# Supplied material:

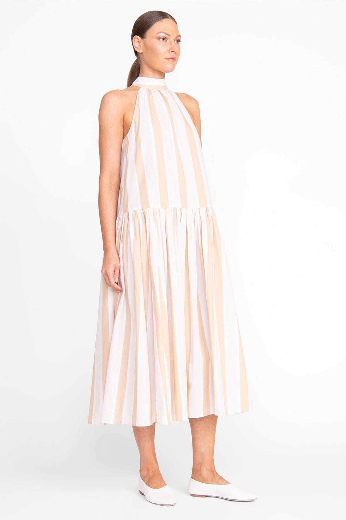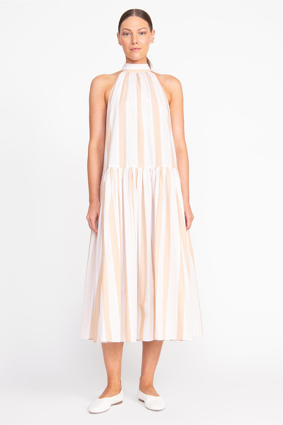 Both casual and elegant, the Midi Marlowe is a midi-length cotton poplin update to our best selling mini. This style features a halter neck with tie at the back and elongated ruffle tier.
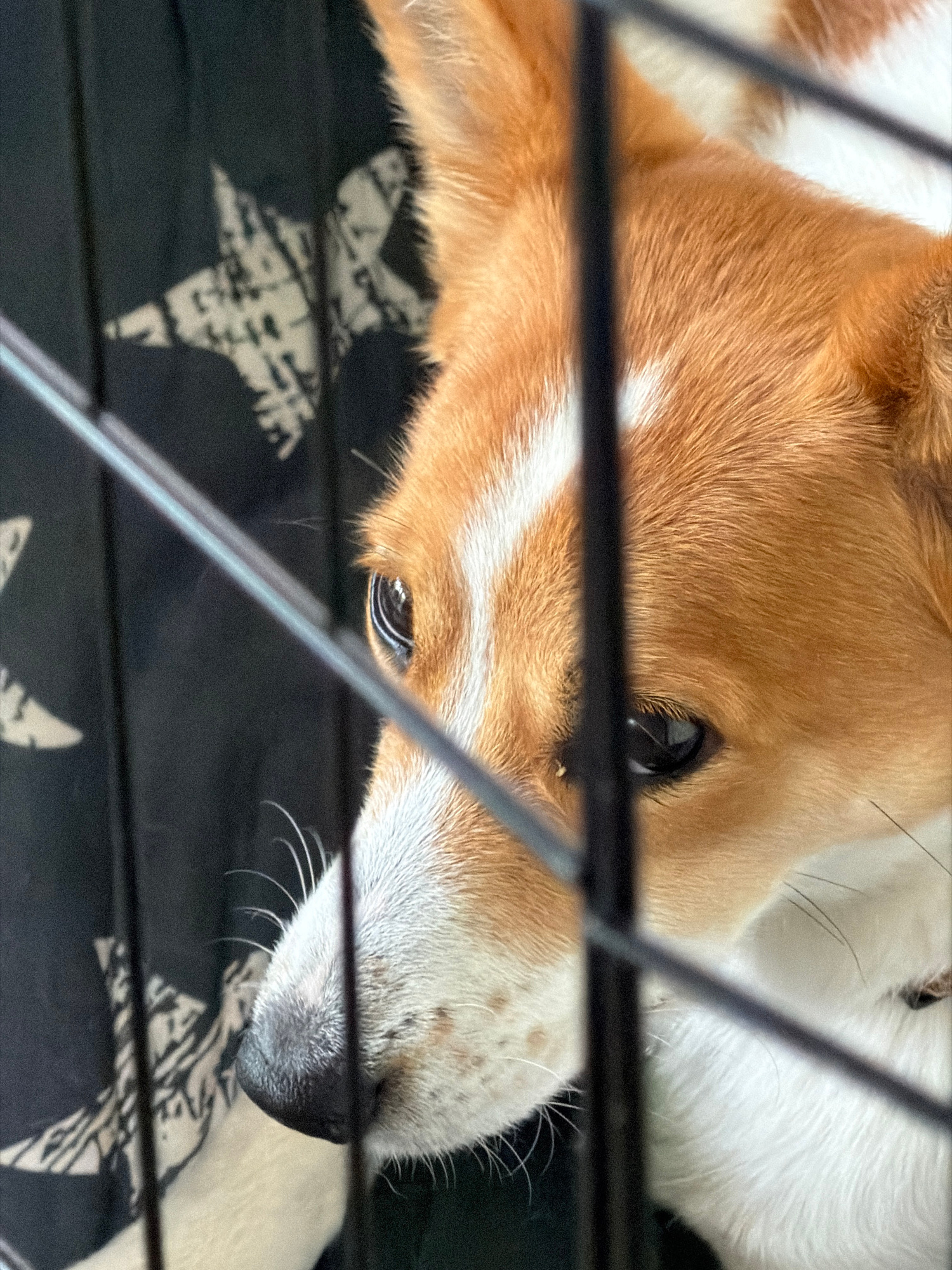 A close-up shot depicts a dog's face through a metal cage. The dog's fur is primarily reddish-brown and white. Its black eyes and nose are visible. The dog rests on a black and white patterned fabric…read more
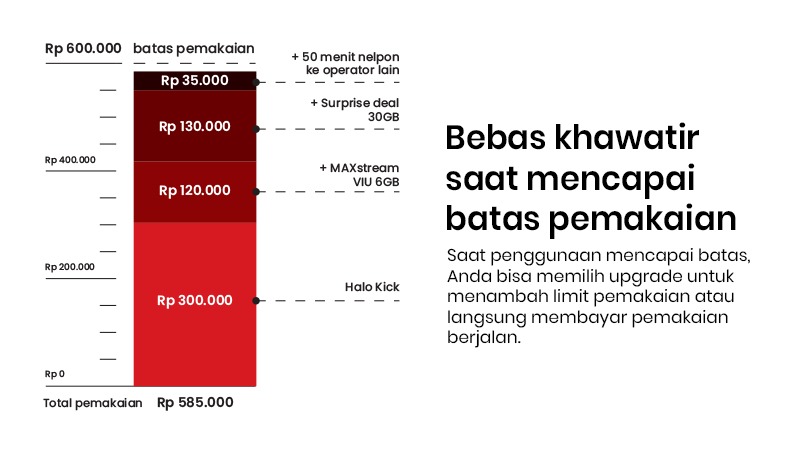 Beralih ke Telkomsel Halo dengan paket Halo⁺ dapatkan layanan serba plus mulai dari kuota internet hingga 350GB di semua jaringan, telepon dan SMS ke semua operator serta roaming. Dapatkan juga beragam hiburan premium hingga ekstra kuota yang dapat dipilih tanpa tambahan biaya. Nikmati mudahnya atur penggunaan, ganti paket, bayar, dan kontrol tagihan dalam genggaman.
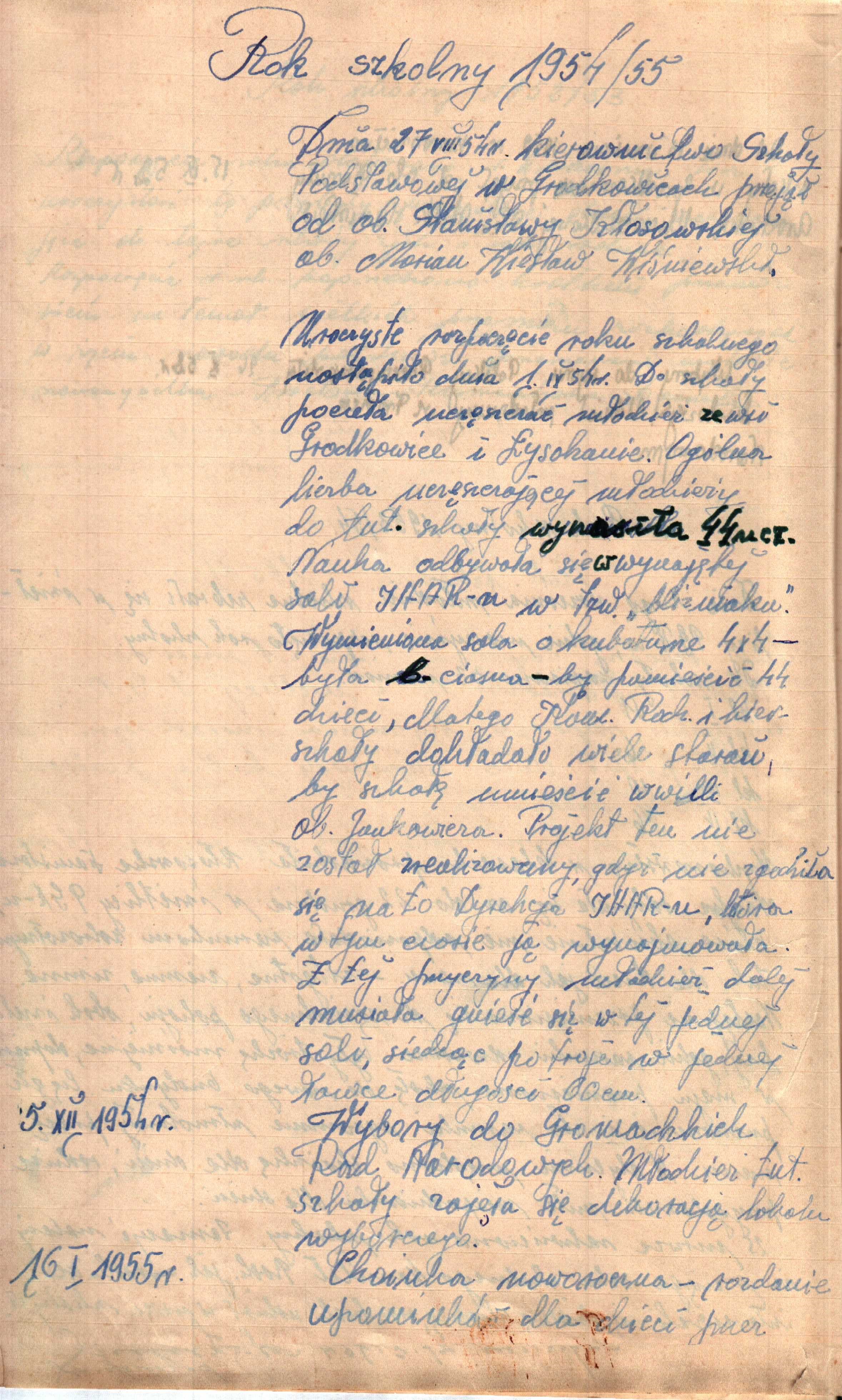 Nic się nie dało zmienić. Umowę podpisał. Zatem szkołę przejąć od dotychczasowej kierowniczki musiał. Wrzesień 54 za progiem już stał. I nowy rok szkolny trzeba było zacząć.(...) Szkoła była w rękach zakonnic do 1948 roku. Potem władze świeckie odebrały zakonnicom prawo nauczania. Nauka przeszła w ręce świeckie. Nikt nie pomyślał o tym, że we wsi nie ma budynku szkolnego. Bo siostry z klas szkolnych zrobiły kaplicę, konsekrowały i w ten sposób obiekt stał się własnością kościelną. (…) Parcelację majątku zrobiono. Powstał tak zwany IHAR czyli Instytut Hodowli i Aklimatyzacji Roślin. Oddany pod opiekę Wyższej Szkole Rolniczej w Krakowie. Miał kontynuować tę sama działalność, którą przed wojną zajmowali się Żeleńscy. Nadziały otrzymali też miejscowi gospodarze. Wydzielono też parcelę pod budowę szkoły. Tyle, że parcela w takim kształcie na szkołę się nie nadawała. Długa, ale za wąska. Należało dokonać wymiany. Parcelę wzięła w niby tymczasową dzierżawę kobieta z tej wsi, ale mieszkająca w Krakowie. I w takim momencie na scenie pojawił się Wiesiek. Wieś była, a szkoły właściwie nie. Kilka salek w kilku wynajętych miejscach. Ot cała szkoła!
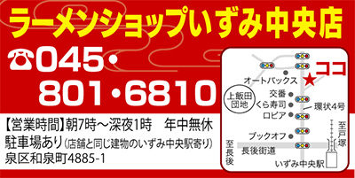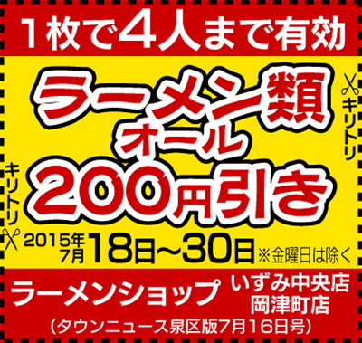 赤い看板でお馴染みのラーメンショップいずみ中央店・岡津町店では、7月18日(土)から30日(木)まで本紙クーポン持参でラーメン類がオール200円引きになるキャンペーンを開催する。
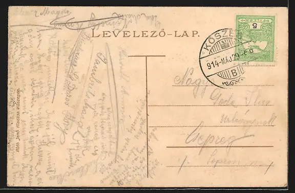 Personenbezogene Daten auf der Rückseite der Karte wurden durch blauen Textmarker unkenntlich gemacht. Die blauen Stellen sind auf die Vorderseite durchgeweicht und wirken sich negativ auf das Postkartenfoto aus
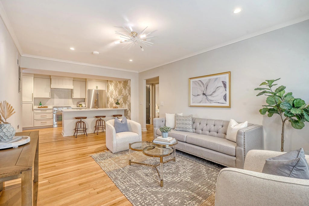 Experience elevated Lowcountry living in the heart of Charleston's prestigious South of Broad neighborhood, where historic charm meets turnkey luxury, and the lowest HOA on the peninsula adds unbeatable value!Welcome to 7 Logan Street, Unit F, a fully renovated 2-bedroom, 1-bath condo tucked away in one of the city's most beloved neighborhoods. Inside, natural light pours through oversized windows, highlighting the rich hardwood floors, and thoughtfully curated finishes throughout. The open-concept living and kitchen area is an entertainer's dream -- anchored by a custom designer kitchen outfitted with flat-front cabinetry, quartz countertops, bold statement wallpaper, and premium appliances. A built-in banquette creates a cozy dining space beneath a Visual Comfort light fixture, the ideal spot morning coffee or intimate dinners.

* * *

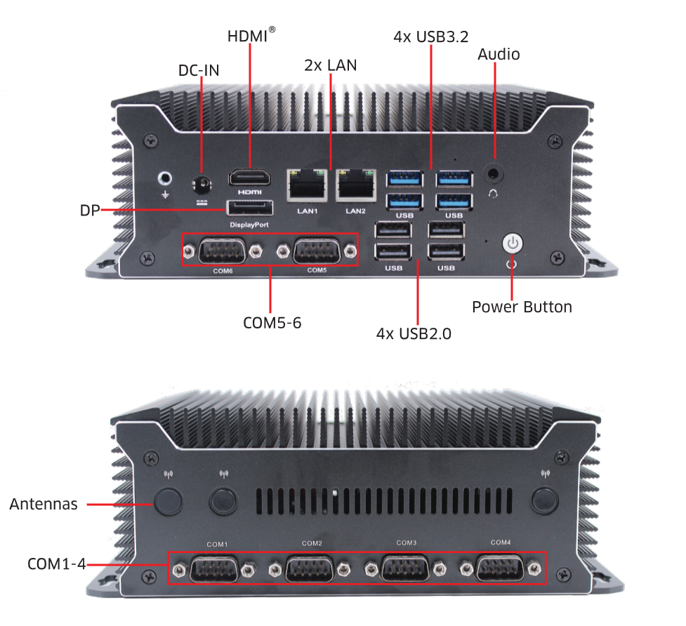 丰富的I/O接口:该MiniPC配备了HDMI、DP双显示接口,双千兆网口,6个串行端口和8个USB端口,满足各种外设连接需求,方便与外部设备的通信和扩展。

==

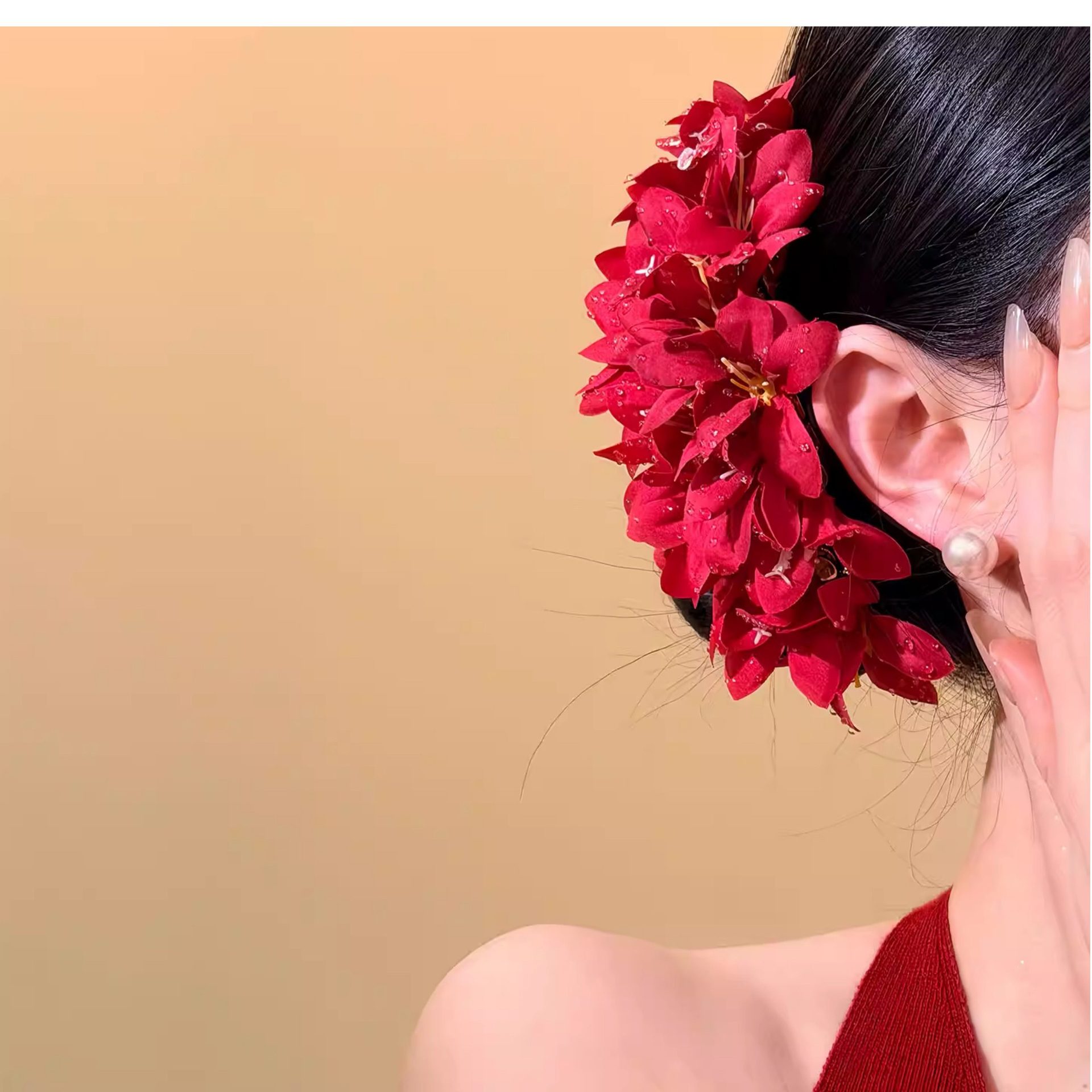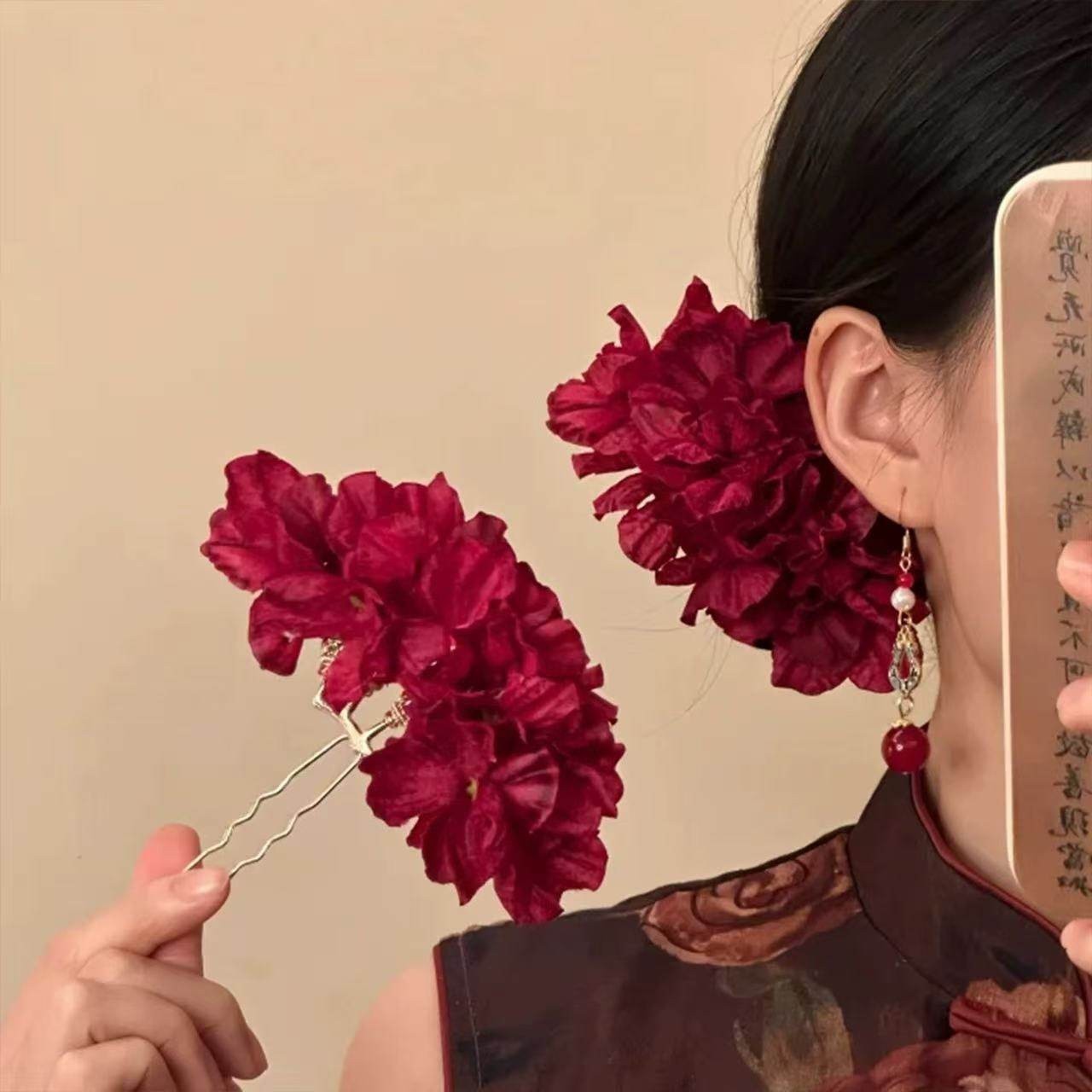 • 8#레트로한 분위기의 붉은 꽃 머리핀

# Task requirements:
Using the entries above, transcribe exactly from the line that has "Personenbezogene Daten auf" through the line that has "Experience elevated Lowcountry". Pictures are dropped.

# Output for this exercise:
 Personenbezogene Daten auf der Rückseite der Karte wurden durch blauen Textmarker unkenntlich gemacht. Die blauen Stellen sind auf die Vorderseite durchgeweicht und wirken sich negativ auf das Postkartenfoto aus
 Experience elevated Lowcountry living in the heart of Charleston's prestigious South of Broad neighborhood, where historic charm meets turnkey luxury, and the lowest HOA on the peninsula adds unbeatable value!Welcome to 7 Logan Street, Unit F, a fully renovated 2-bedroom, 1-bath condo tucked away in one of the city's most beloved neighborhoods. Inside, natural light pours through oversized windows, highlighting the rich hardwood floors, and thoughtfully curated finishes throughout. The open-concept living and kitchen area is an entertainer's dream -- anchored by a custom designer kitchen outfitted with flat-front cabinetry, quartz countertops, bold statement wallpaper, and premium appliances. A built-in banquette creates a cozy dining space beneath a Visual Comfort light fixture, the ideal spot morning coffee or intimate dinners.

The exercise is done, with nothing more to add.